Unbeknownst to me, I have lymph nodes, like pearls on strings, around my breasts. I certainly don’t remember a word of this from my tenth grade biology class.  (I do remember the 6th grade class about “flowers and bees” and how our teacher managed to transform this fascinating subject  into a jumbo sleeping pill.)

Some of the lymph nodes go from my breast up to the collar bone and neck, supraclavicular lymph nodes. Others go from my breasts to my arm pits, axillary lymph nodes. They are all part of the lymphatic system, and their purpose is to catch debris.  When cancer cells spread from the breast, they take the path of least resistance, and travel along the lymph node system (sometimes also along the vascular system.) At surgery, Dr. Guru’s plan is now to squirt a special blue dye into my breast to see how far the fluid travels. He will then take the lymph nodes with blue dye and dissect them to check for cancer cells. It is called a sentinel node biopsy.  It saves the surgeon from having to remove lymph nodes from your axilla willy nilly since they are so important for the body’s ability to halt infections.
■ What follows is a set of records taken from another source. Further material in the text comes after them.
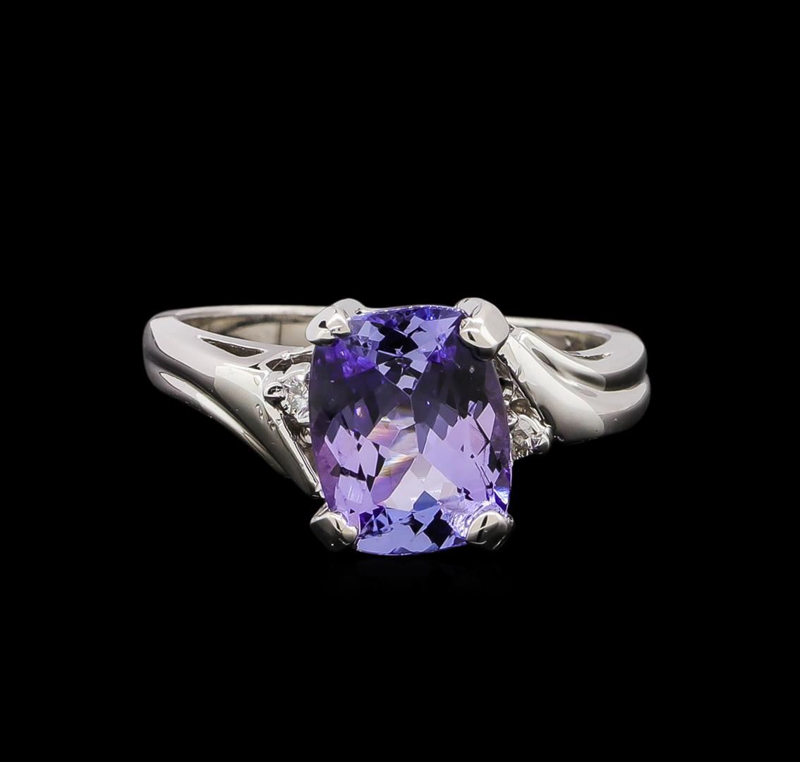 One electronically tested 14KT white gold ladies cast tanzanite and diamond ring with a bright polish finish. Identified with markings of "14K". Condition is new. Containing: One prong set rectangular cushion modified brilliant cut natural tanzanite, measuring 9.00 x 7.00 x 4.20mm, approximate weight of 2.08ct., clarity is eye clean, type I, medium, very slightly grayish, violet color, (GIA V 5/3), cut is good. Two prong set round brilliant cut diamonds, measuring 1.30 - 1.30 x 0.78mm (depth est.) approximate total weight of 2 Stones = 0.02ct. Clarity: SI-1 to SI-2. Color: H - I, Cut is Good. Colored gemstones are presumed to have been subjected to commonly used enhancement processes. All diamonds and colored gemstones are graded in the mounting, unless otherwise stated. Total Weight of Colored Stones 2.08ct. Total Weight of Diamonds 0.02ct. Total Weight of Ring 3.80 grams. GGL Appraised at $2,210.00.
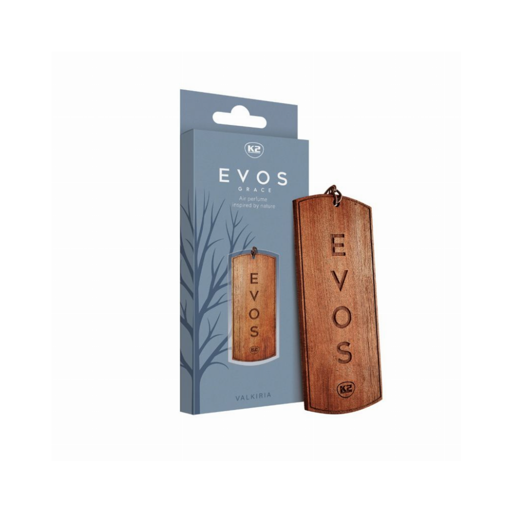 Daina pasakoja, kad pirmasis EVOS Grace pakabukas buvo sukurtas iš pasaulio medžio Yggdrasil šakos, po kuria gyvena likimo deivės.Ar eisite jų jums nupintu keliu, ar pasirinksite savo? Eikite per gyvenimą savo keliu. Eik per gyvenimą su malone. Važiuokite su EVOS Grace.K2 EVOS Grace yra nepaprastas automobilio oro gaiviklis medinio pakabuko pavidalu, įkvėptas gamtos ir pripildytas žavesio. Pagaminta iš medžio masyvo su dvipusiu graviravimu, puošia automobilio interjerą kaip kvepiantys papuošalai. EVOS Angel yra įkvėpimas ir mūza, kurios buvimas džiugina ir motyvuoja kitus. Tai aromatas, nukeliantis į dangišką lengvumo ir svajonių pasaulį, priversdamas jaustis tarsi sklandytum ore.Šios unikalios kompozicijos esmė – subtili frezija, suteikianti gaivumo ir lengvumo, simbolizuojanti dangišką žavesį ir subtilumą. Tada jį papildo sultinga slyva, kuri suteikia vaisinį akcentą, suteikia kvapui gylio ir jausmingumo. Visumą papildo saldžios praline, kurios įveda šiltą, apgaubiantį akcentą, primenantį saldumą ir harmoniją. Šis gėlių ir vaisių kvapas yra įkvėpimo ir lengvumo esmė, kuri aplink jus sukuria svajonių ir džiaugsmo aurą. Puikiai tinka bet kuriai akimirkai, kai norisi pasijusti mūza, plaukiančia vaizduotės ir įkvėpimo sparnais. Pajuskite dangiško kvapo magiją, kuri kiekvienai akimirkai suteikia lengvumo ir leidžia jaustis nepakartojamai.Tai kvapas, kuris įkvepia, apgaubia jus subtilumu ir saldumu, kiekvieną kelionę paversdamas dangišku nuotykiu, kupinu svajonių ir ekstazių.Kvapo natos: frezija, slyva, praline Kvapų šeima: gėlių-vaisių
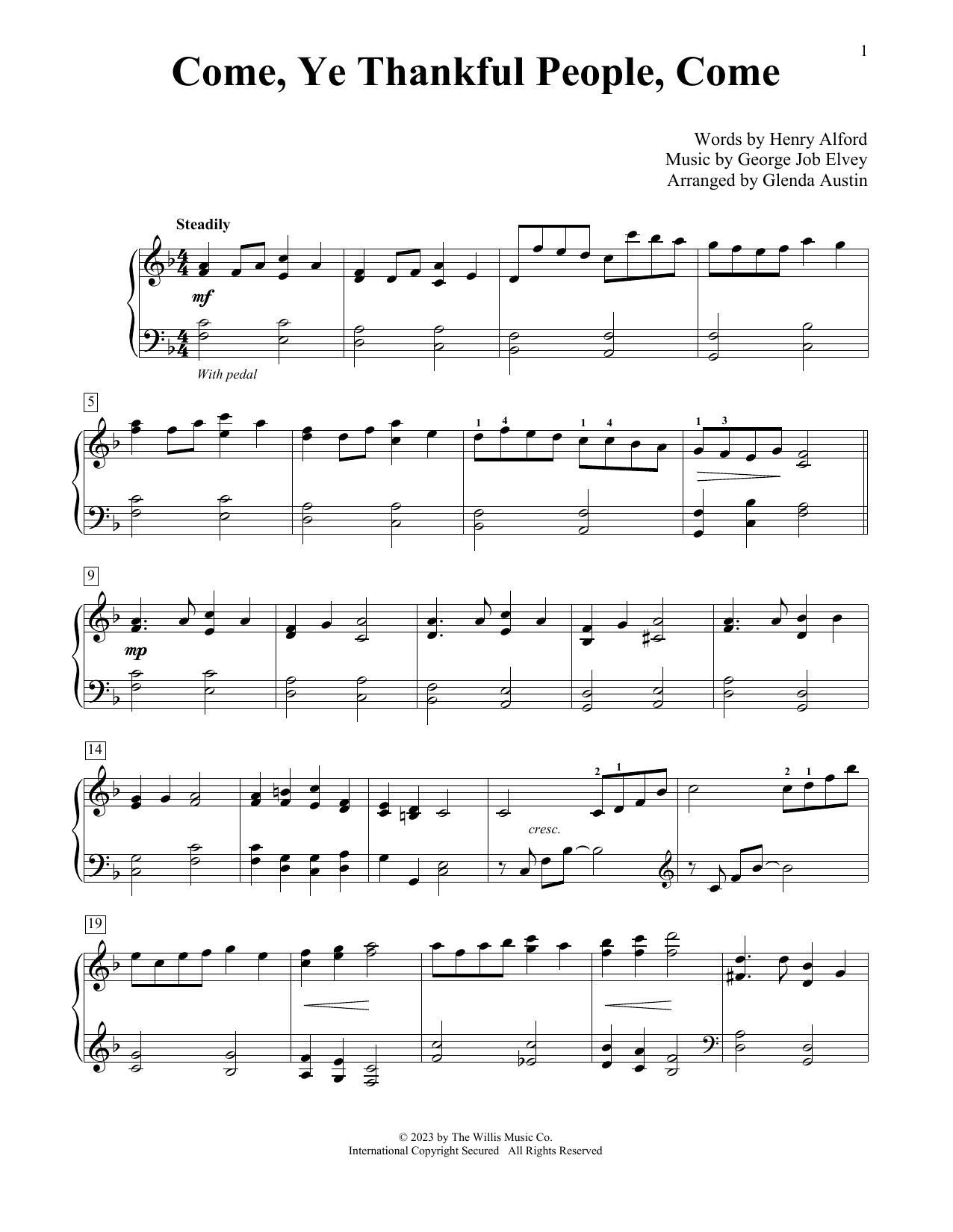 Download or print Henry Alford and George Job Elvey Come, Ye Thankful People, Come (arr. Glenda Austin) sheet music, chords and digital score arranged for Educational Piano. This Sacred score includes 2 page(s).
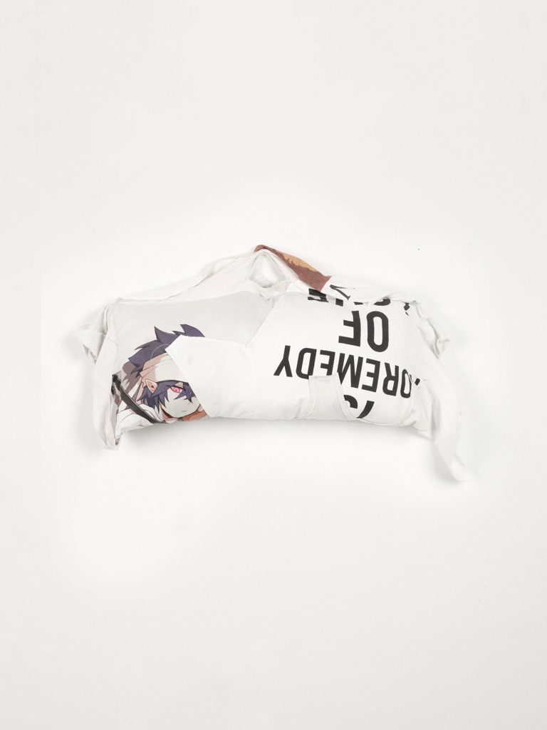 Founded in Copenhagen in 2021, Puer Parasitus works within the field of styling, costume design and commissioned pieces. The label creates sculptural pieces and unique objects within the field of art and explore themes linked to parenthood, sexuality, parasitical tendencies and the maternal bond. All works are unique and hand crafted from second hand sourced textiles by Puer Parasitus in their atelier in Copenhagen, DK.
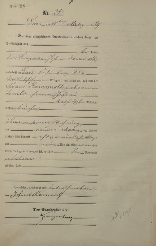 Geburtsregister 1889
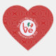 Un autocollant en forme de cœur représente le DRAPEAU LOVE mexicain. Le mot LOVE est écrit en lettres rouges à l'intérieur d'un cercle fractal blanc composé de carrés ondulés. Le cercle est posé sur un fond fractal rouge, également composé de carrés ondulés. Idéal pour vos invités lors de votre prochaine occasion ou fête pour célébrer le Mexique. Peut être personnalisé pour le Cinco de Mayo ou toute autre occasion.
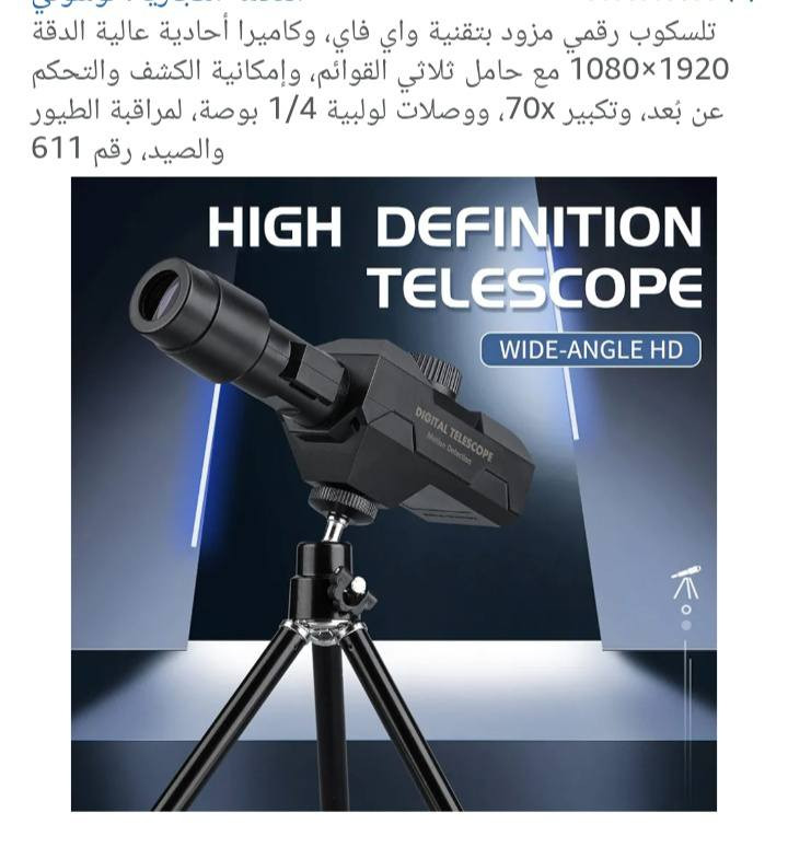 ناضور وايفاي يعرض عله موبايل تلسكوب عالي الدقة 1920 × 1080: الحد الأقصى لدقة فيديو التلسكوب هو 1920 × 1080، بينما تبلغ دقة الكاميرا 1600 × 1200. التشغيل بسيط، كما يُمكن تصوير الفيديو عن بُعد. الكشف عن الأجسام المتحركة والتحكم بها: عندما يظهر الجسم المعني (أشخاص، حيوانات، سيارات، إلخ) أو يتحرك في المسافة، سيصدر صوت تحذير وسيتم تشغيل التخزين التلقائي للفيديو. تكبير 70x: يُستخدم زر دائري واحد للتركيز، مما يجعل التحكم أكثر سهولة. يدعم التلسكوب تكبيرًا يصل إلى 70x لرؤية المزيد من التفاصيل. وظائف عملية: يحمي غطاء الغبار العدسة من الخدوش، مما يضمن رؤية أفضل. يمكن تعديل رأس المنظار متعدد الوظائف في اتجاهات متعددة لتسهيل الحركة والبحث عن الأهداف. يدعم أنظمة iOS وأنظمة التشغيل الأخرى. تطبيقات واسعة: التلسكوب الرقمي مناسب للبالغين ومناسب لمراقبة الطيور والصيد والمشي لمسافات طويلة والتخييم والسفر والحياة البرية والمناظر الطبيعية وغيرها من المجالات توصيل لجميع المحافظات العراق 🇮🇶 **إذا كنت صاحب هذا الإعلان وتريد حذفه لأي سبب، رجاءا أرسل رسالة إلى الدعم الفني**
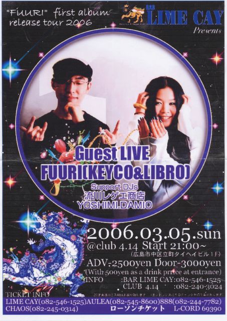 (別にドリンク代¥500頂きます。入口にて、チケットと、もしくはチケット代と一緒にお払い下さい。)
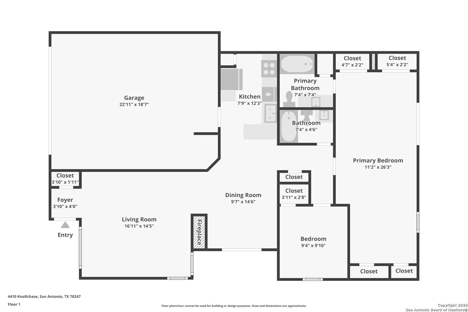 Prime investor opportunity on a cul-de-sac with quick access to Loop 1604, I-35, and US-281-minutes to everyday shopping and dining. This 2-bed, 2-bath single-story features a living room with fireplace and low-maintenance, no-carpet flooring throughout. The private primary suite offers a full bath with an oversized single vanity and a tub/shower combo; the secondary bedroom is served by a second full bath. Outside, a two-car attached garage and a spacious, privacy-fenced backyard provide outstanding potential for future outdoor living. Property is a fixer-upper and priced accordingly-bring your contractor and vision to maximize ARV or add to your rental portfolio. Buyer to verify all measurements, schools, and community details; sold as-is, no repairs.
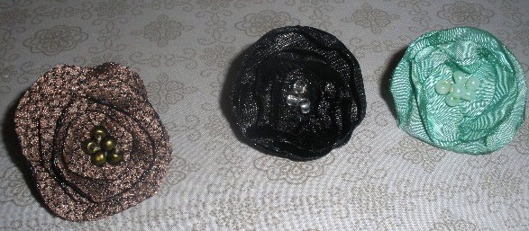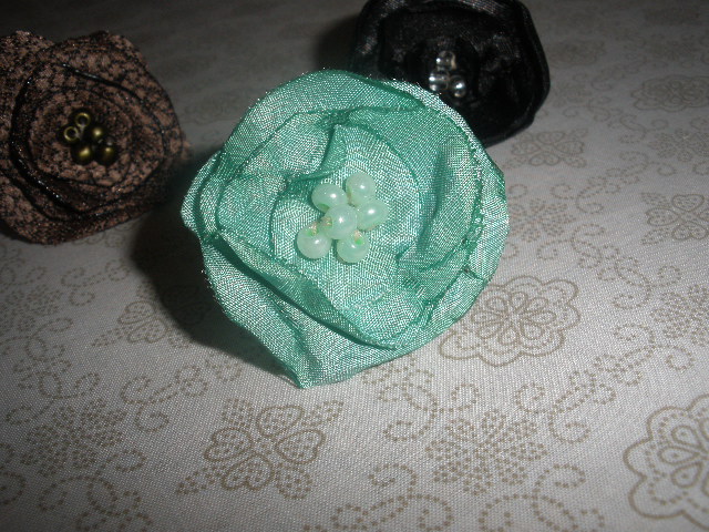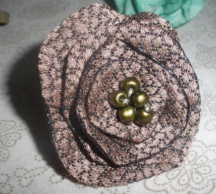 Esta vez hice una prueba, la tela marrón no es el tipo de tejido que se usa para estas flores, pero me gustaba un anillo así y lo intenté.
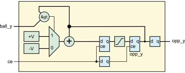 Oponent, podobnie jak gracz, wykonuje ruch jedynie w osi pionowej. Rejestr opp_y przechowuje jego obecne położenie. W każdym kroku symulacji (czyli dla każdej ramki) ma on dwie możliwości: ruch w górę, albo w dół o V pikseli. Decyzję o kierunku podejmuje komparator porównujący obecną pozycję z położeniem piłki. Ostatnim krokiem obliczeń jest saturacja. Sprawdzamy tu, czy nowa pozycja mieści się na ekranie. Jeżeli nie, wpisujemy skrajne górne, albo dolne położenie. Na końcu wynik zatrzaskujemy jeszcze w dodatkowym rejestrze.
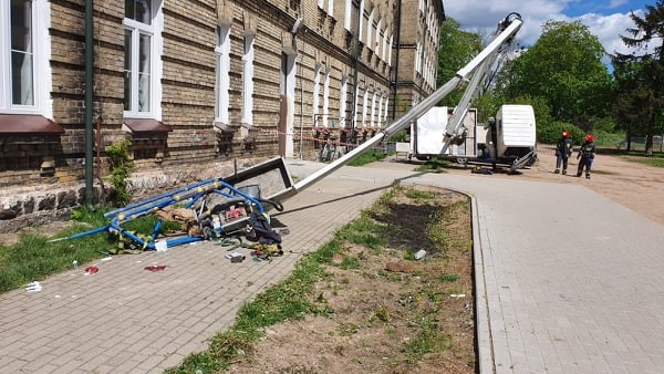 Dwaj mężczyźni w wieku 28 i 33 lat zostali ciężko ranni po tym, gdy samochód z podnośnikiem koszowym, przewrócił się na bok. Kosz z robotnikami uderzył o chodnik.
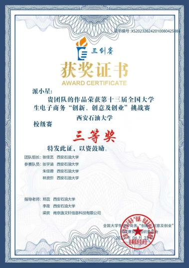 第十三届全国大学生电子商务三创赛校级第三名
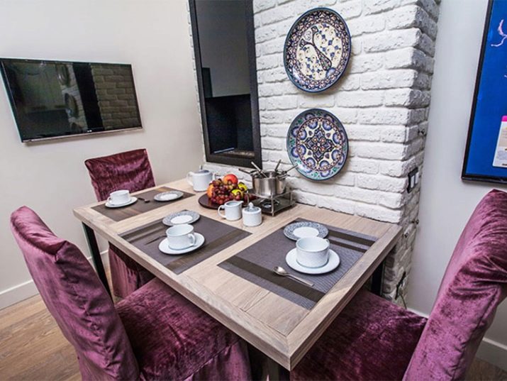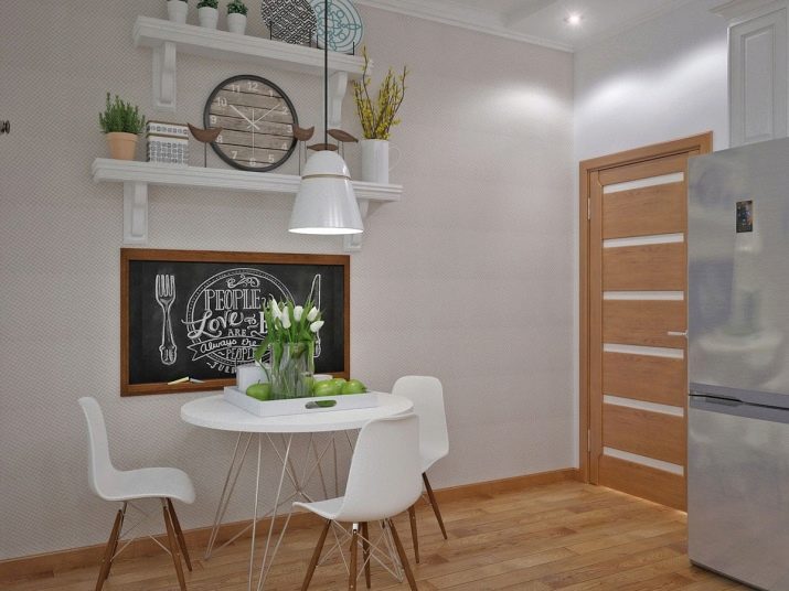 The dining area can be placed away from the work area so that it does not get dirty. This part of the kitchen can be distinguished, made accented.
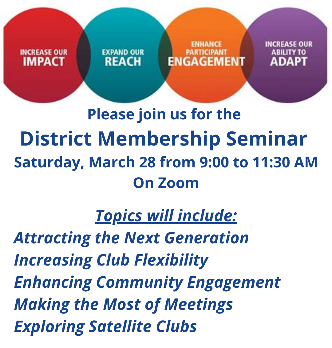Most Rotary clubs report that adding and retaining members is an area of concern. So, please join us for a District Membership Seminar on Saturday, March 28 from 9 to 11:30 AM on Zoom.The session will feature thirty-minute break out rooms on 4 topics. This seminar promises to be lively, interactive and full of helpful ideas to bolster your club membership plans. Registration is at this link. There is no fee for this event.

“You won’t die from this,” Dr. Guru finally says. “But we have to get you through it.”

Or did he say: “You are not likely to die from this?”

As we wait for the elevator, I can not remember if Dr. Guru used the word “likely” or the more assertive “won’t die from this.”  My husband cannot remember either. Marie is right. There is so much to keep track of, so many important nuances. I want to write everything down in my blue  journal as soon as I get home, while everything is still fresh in my mind. But here I am walking to my car, already confused, uncertain about Dr. Guru’s exact phrase.